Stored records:
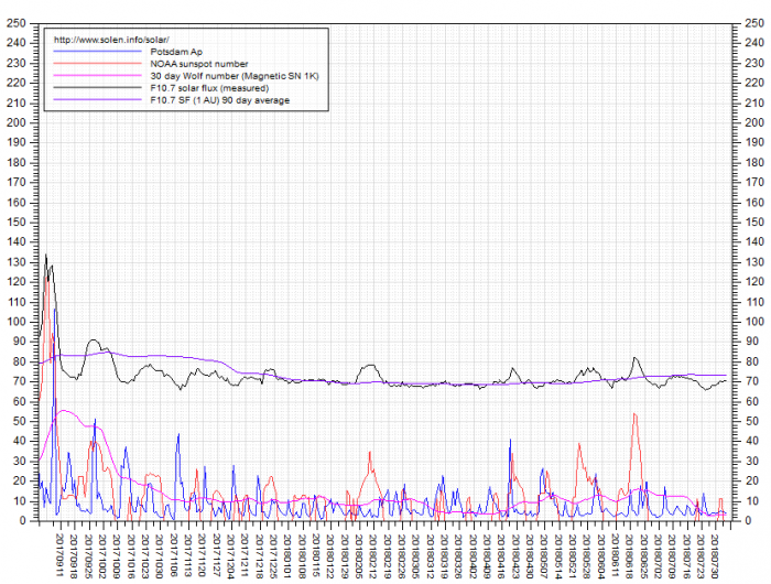 Nel grafico, l’andamento del SC 24 da luglio 2017 al periodo attuale: la linea di colore nero fa riferimento al flusso solare, quella di colore rosso al conteggio delle macchie solari, mentre quella di colore blu all’Indice AP.
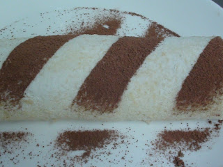 6. Depois de fria, desenrole e recheie de doce de leite ou goiabada, enrole novamente.
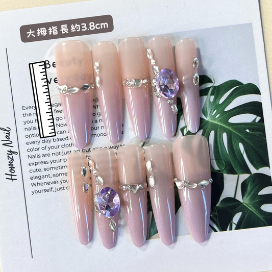 現貨嚴選穿戴甲 輕奢芋泥鑽鑽長尖甲 喜歡華麗款不能錯過它!舉手投足都好亮!
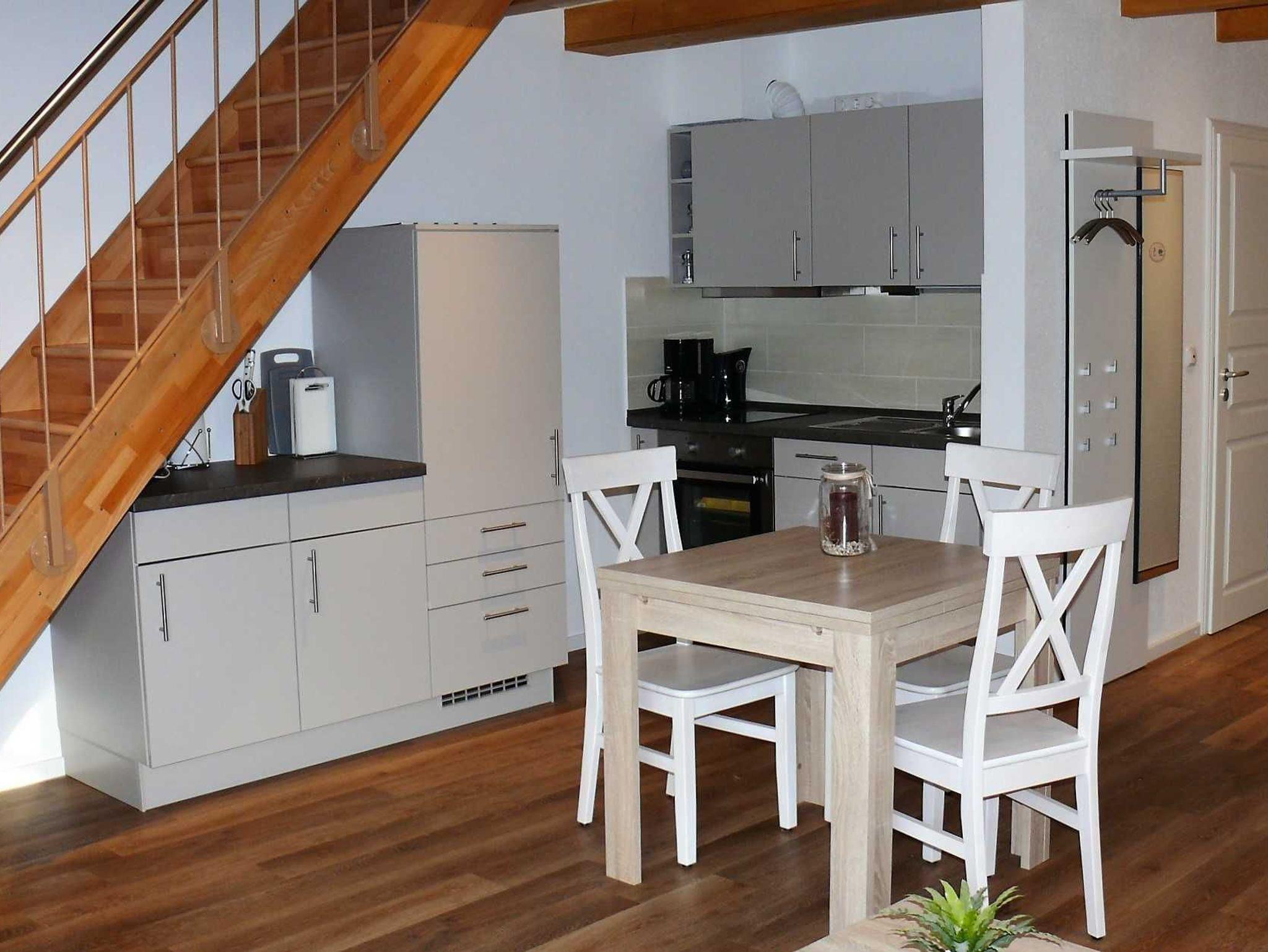 Die liebevoll eingerichtete 2-Zimmerwohnung über zwei Etagen auf dem Tannenhof Meier in Bliedersdorf ist ideal für Erholungssuchende. Die Wohnung befindet sich im ersten Stock des Reetdachhauses. Der Wohn- und Essbereich ist mit einer volleingerichtete Küche kombiniert. Das Schlafzimmer im Dachgeschoss ist mit zwei Einzelbetten sowie einem großen Kleiderschrank und einem Schreibtisch eingerichtet. Außerdem wäre Platz für eine Kinderbett. Ein Schrankbett befindet sich im Wohn- und Essbereich und kann für eine weitere Erwachsene genutzt werden. Das Badezimmer ist mit einer ebenerdigen Dusche ausgestattet.
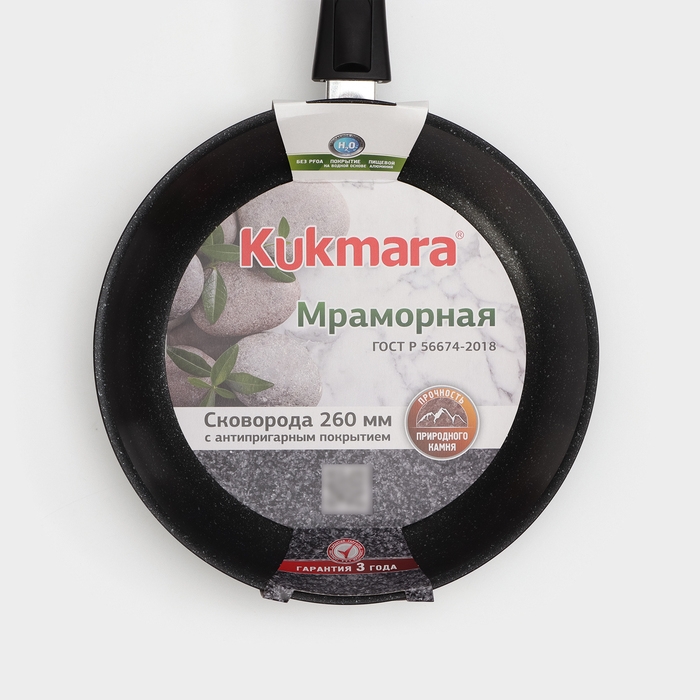Посуда Kukmara «Мраморная» изготовлена из литого алюминия и покрыта инновационным антипригарным мраморным покрытием на водной основе, усиленным сверхтвёрдыми частицами минералов.
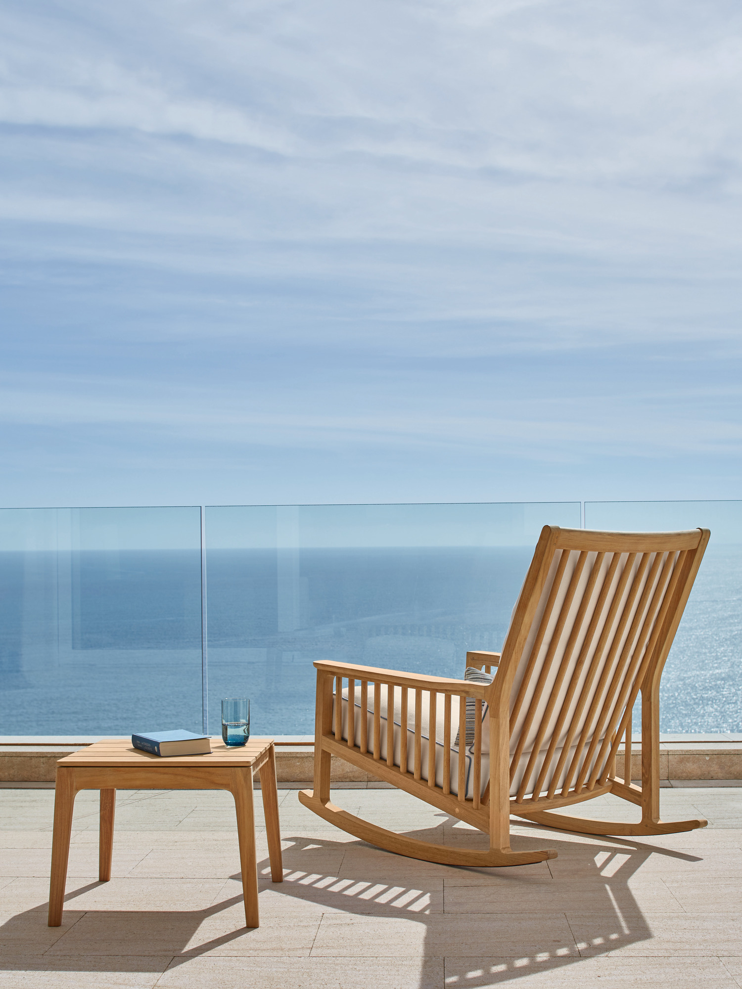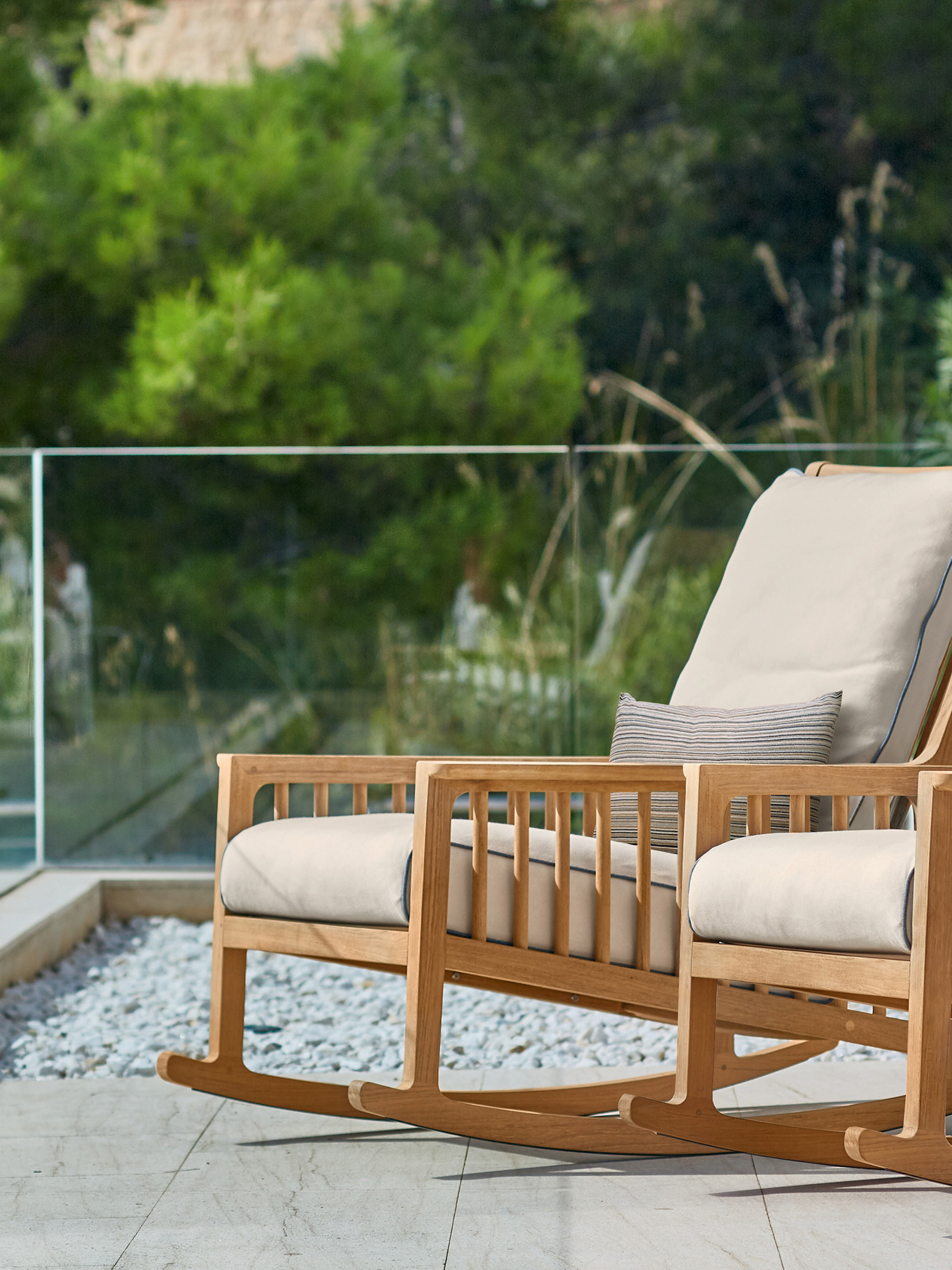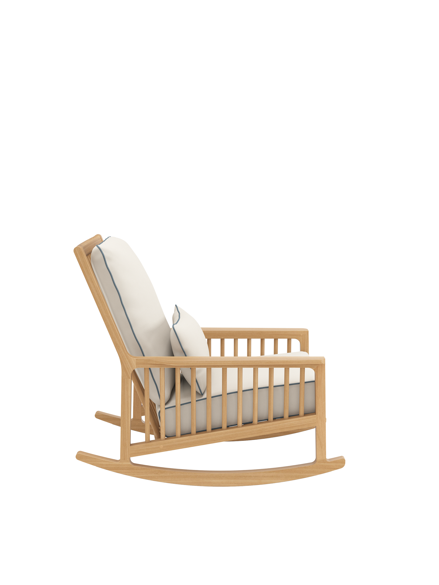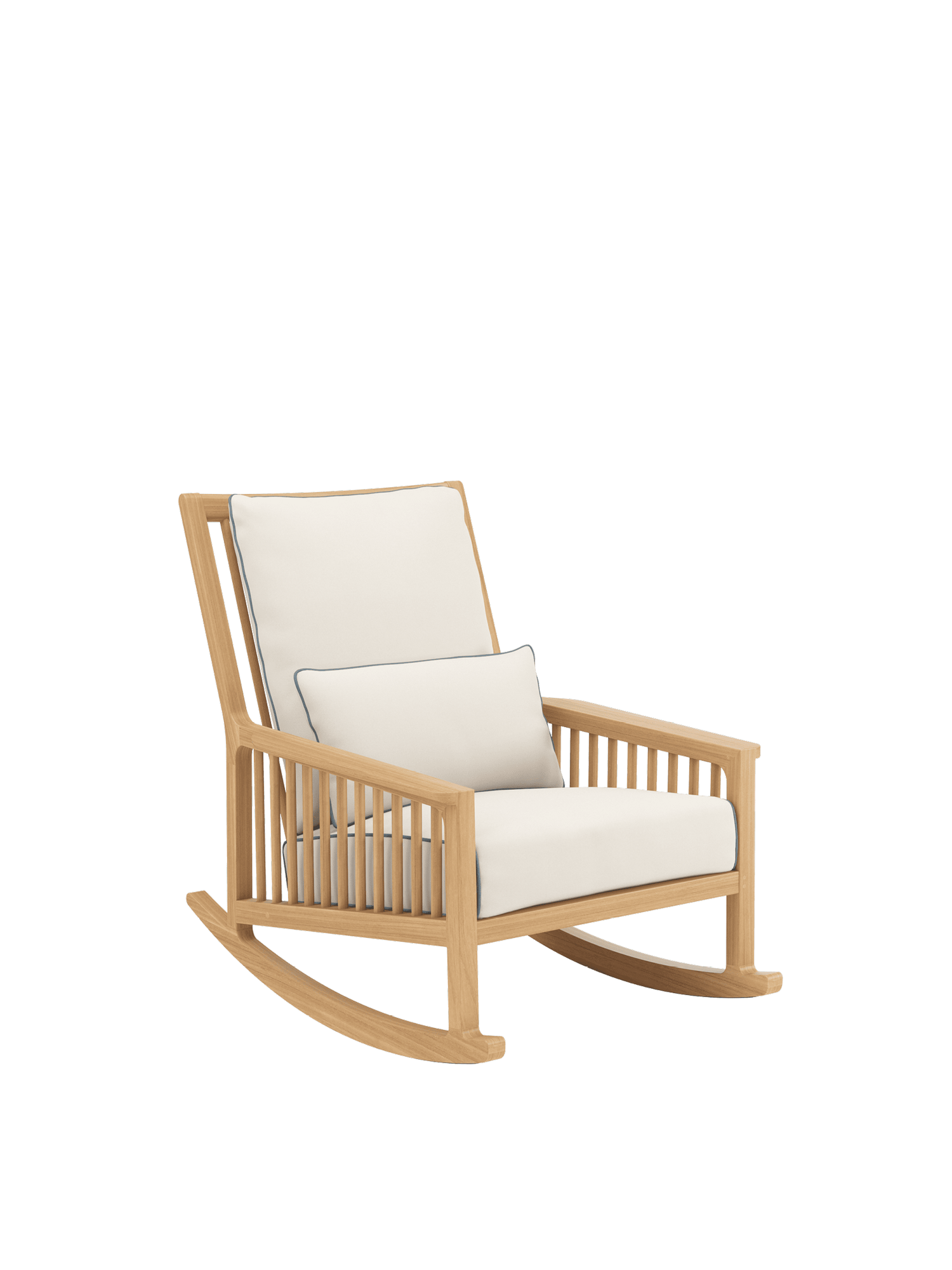 Mit schulterhohem Rücken ist er zum Anlehnen geschaffen, seine bequeme Tiefe ist besonders einladend. Kurz Schwung holen, die Beine anziehen und sich auf eleganten Teakkufen wiegen – in den traumhaft weichen Polstern des Schaukelstuhls versinkt man gern. Eine unter seinen Kufen angebrachte schmale Kunststoffschiene schützt empfindliche Böden.

:: ACTIVITY ::
The lines from the one containing "Die liebevoll eingerichtete" through the last line of the data above are to be transcribed exactly, both included, with all pictures left out.

:: WRITTEN RESPONSE ::
 Die liebevoll eingerichtete 2-Zimmerwohnung über zwei Etagen auf dem Tannenhof Meier in Bliedersdorf ist ideal für Erholungssuchende. Die Wohnung befindet sich im ersten Stock des Reetdachhauses. Der Wohn- und Essbereich ist mit einer volleingerichtete Küche kombiniert. Das Schlafzimmer im Dachgeschoss ist mit zwei Einzelbetten sowie einem großen Kleiderschrank und einem Schreibtisch eingerichtet. Außerdem wäre Platz für eine Kinderbett. Ein Schrankbett befindet sich im Wohn- und Essbereich und kann für eine weitere Erwachsene genutzt werden. Das Badezimmer ist mit einer ebenerdigen Dusche ausgestattet.
Посуда Kukmara «Мраморная» изготовлена из литого алюминия и покрыта инновационным антипригарным мраморным покрытием на водной основе, усиленным сверхтвёрдыми частицами минералов.
 Mit schulterhohem Rücken ist er zum Anlehnen geschaffen, seine bequeme Tiefe ist besonders einladend. Kurz Schwung holen, die Beine anziehen und sich auf eleganten Teakkufen wiegen – in den traumhaft weichen Polstern des Schaukelstuhls versinkt man gern. Eine unter seinen Kufen angebrachte schmale Kunststoffschiene schützt empfindliche Böden.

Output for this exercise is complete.